Supreme Court Passes on Chance to Examine Music Downloading – The first music-downloading copyright appeal to go to trial reached the high court of the U.S. after the music industry sought to stifle what they claim is rampant illegal file-sharing which costs companies and artists billions of dollars. A young Texas woman was targeted by the RIAA (Recording Industry of America) with supposedly illegal downloading of music on her home computer when she was between 14 and 16. She liked to share the music with her teenage friends – thereby becoming the face of unresolved legal issues over “innocent infringers.” About 40,000 people have been sued or threatened with legal action for taking the music off their shared peer-to-peer IP networks. The justices’ refusal to intervene is a setback for these thousands of music downloaders (and accused downloaders who may not have been) – leaving them liable for thousands of dollars in damages which the music industry is demanding.
The woman’s name is Whitney Harper and the RIAA says she used the file-sharing program Kazaa to download and share 544 digital audio files, of which 37 were copyrighted songs. They are suing both her and her family as well as “innocent” infringers for up to $200 per file, and “non-innocent” infringers for up to $150,000 per file. Most of the so-far settled cases have been concluded for a few thousand dollars. One of the Supreme Court judges did say that there is a “strong argument” that federal law protections do not apply to downloading of digital music files, and he would have personally accepted the Harper appeal for review. (Thank you, Justice Alito!) He also said that while lower courts have been unanimous in rulings for the music industry, the issue is one the high court should now address.
New iPod Dock Uses aptX for Bluetooth Wireless – British designer-brand maker of high-end audio products Conran has joined the growing number of iPod speaker dock makers by offering CSR’s aptX compatible high-quality stereo Bluetooth audio connectivity in their units. Discerning buyer of wireless speaker dock products are increasingly looking for CD-quality sound in their wireless connections as they can have in wired connections.

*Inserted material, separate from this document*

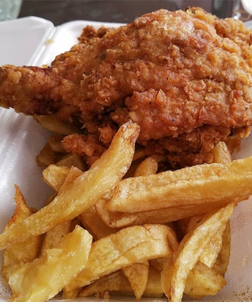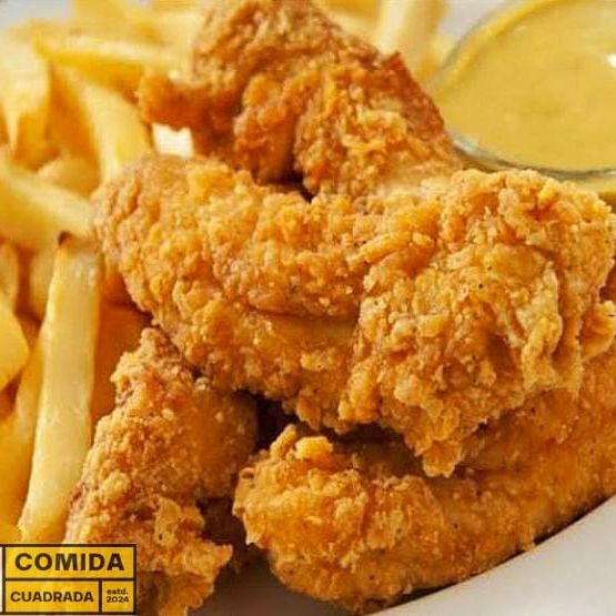 Trozos de pollo crocantes acompañado de papas fritas nativas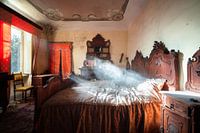 Gelegen op een groot verlaten industrieel terrein, heeft deze prachtige villa al een tijdje de tand des tijds doorstaan. Mooie antieke meubels zijn nog steeds intact. Stof bedekt de vloeren en objecten in de kamers. Dit is een foto die ik in de hoofd slaapkamer heb genomen.

The Conran Audio Dock, which goes on sale next month, can handle wire audio from physically-docked iPods and iPhones, and can also play wireless audio streamed remotely from Bluetooth A2DP-enabled portable media players, smartphones, laptops and iPads. It is also compatible with aptX, facilitating CD-quality full-bandwidth stereo audio over Bluetooth. The dock has two-way speakers powered by 15 watt amps, with a frequency response of 75Hz to 20kHz. It has six audio EQ settings via its remote control, and iPod or iPhone devices can be positioned in either vertical or horizontal modes. Bear in mind you can get a free app for your iPhone or iPod which will allow you to also listen to all the Internet stations and Pandora thru any iPod dock.
Microsoft Technology Dumped by HP – Hewlett-Packard has been loyal partner of Microsoft over the years, being both the largest maker of Windows PCs and automatically defaulting to Microsoft’s MediaSmart option on its earlier mobile, server and tablet products. Now it uses webOS for phones and plans to use it for printers and other devices. HP’s move leaves Microsoft without Windows Home Server’s most important supporter.